A nuclear Iran will create a Domino effect in the region where Iran’s advisories will start walking on the same road of becoming independent nuclear nations.

Anti-Iran Nuclear Declaration

For the same reason, President Biden, and Israeli Prime Minister Yair Lapid, signed a joint Anti Iran nuclear declaration in July 2022.

It declares that the two countries are “to use all elements of its national power” to prevent Iran from developing nuclear weapons.

With Israel being the greatest critic of the Iran Nuclear deal and the US being its greatest ally, the Biden administration still believes and prefers to exchange dialogue with the Islamic Republic of Iran.

The US doesn’t want to destabilize Iran with its bombardments because, on the one hand, there is Iraq. While on the other is Afghanistan – the two already politically crippled regions.

If Iran stepped into the same fate, America would completely lose its control, keeping in the number of proxy wars that would likely erupt in the Middle East, that too an anti-American power-seeking group, thus conflagrating the whole region.

Second, the growing Chinese influence in West Asia threatens the US hegemony in the region. A failed revival of Iran into the world market means Iran-China-Russia increased strategic alliance in the region. The presence of China and Russia in the region challenges American hegemony in the Persian Gulf.

The US can’t afford a deal short of diplomacy and pave any way for China which aspires to improve the projection of military force, leverage political influence with its key suppliers, and secure its Middle Eastern energy sources.

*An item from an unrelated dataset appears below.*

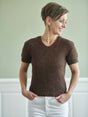 Denne t-shirt er strikket rundt nedefra og op. Arbejdet er delt ved ærmerne, og forstykke og ryg er strikket hver for sig. Modellen har rund hals med ribkant. Ærmerne strikkes frem og tilbage og sys sammen til sidst. Sammensyningen giver et ensartet udtryk, når modellen er færdig, i stedet for indtagninger undervejs i strikkeprojektet. Samtidig giver påsyningen af ærmerne, modellen et skræddersyet look. Når du vælger garnfarve, får du den bedste effekt i de Venezia-farver, der er lidt melerede.

The JCPOA is a breakthrough in Middle Eastern politics. It did bring Tehran to not just the negotiating table, but beyond.

It kept the nuclear question on the front burner, prioritizing international security over regional. But Iran’s Foreign policy is influenced by many factors such as its place in the power hierarchy, changes in the international order, and most notably, the Ukraine War.

Before the Russia-Ukraine War, Iran was more in favor of economic independence, but since the war erupted, the domestic polity’s discourse significantly changed to economic Independence and Nuclear Deterrence.

So there appears to be no motive for Iran to rush to reach a settlement with the West without having its objectives accepted.